Sxjdwang / TalkLip

396 stars 35 forks source link

hello,--word_root data how to create #27

Open DeepMakerAi opened 1 year ago

Sxjdwang commented 1 year ago

If you use LRS2, the word_root is the same as the video_root. You can read the 268th-271th lines in the train.py for more details.

DeepMakerAi commented 1 year ago

If you use LRS2, the word_root is the same as the video_root. You can read the 268th-271th lines in the train.py for more details.
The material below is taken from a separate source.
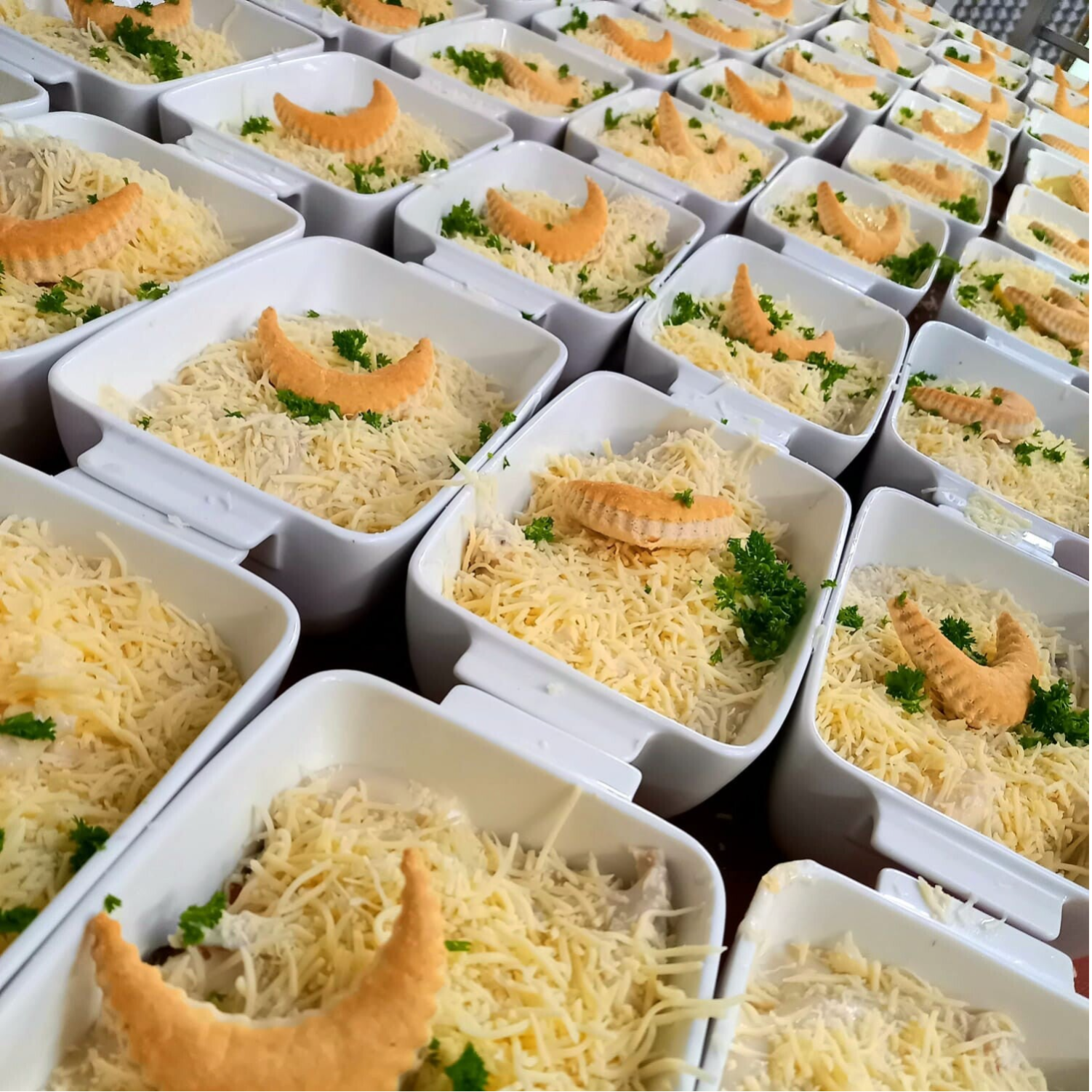 Afgewerkt met kaas om te gratineren en inclusief aardappelpuree apart geserveerd.

The LRS2 data request cannot be submitted. I found the video myself. Is there any simple way to implement video training? thanks

Sxjdwang commented 11 months ago

Yes. But you need to text annotation for speeches. I put an example of the text annotation for a speech sample in LRS2 below:

Text: IT MAY TAKE SOME TIME Conf: 6

DeepMakerAi commented 11 months ago

是的。但您需要为演讲添加文字注释。我在下面给出了 LRS2 中语音样本的文本注释示例:

文本:可能需要一些时间 会议:6

thanks

shengyuting commented 9 months ago

@Sxjdwang May I train the model without text annotation. Because it's difficult to get text annotation for my custom videos.

Sxjdwang commented 9 months ago

I have tried with only contrastive loss, it also reduces WER. But I recommend you verify the performance of the lip-reading expert on the dataset you employed following (https://github.com/Sxjdwang/TalkLip/issues/9#issuecomment-1844903453). Note that the inputs of the lip reading expert 88*88 images, you may need to resize faces in the dataset you employed.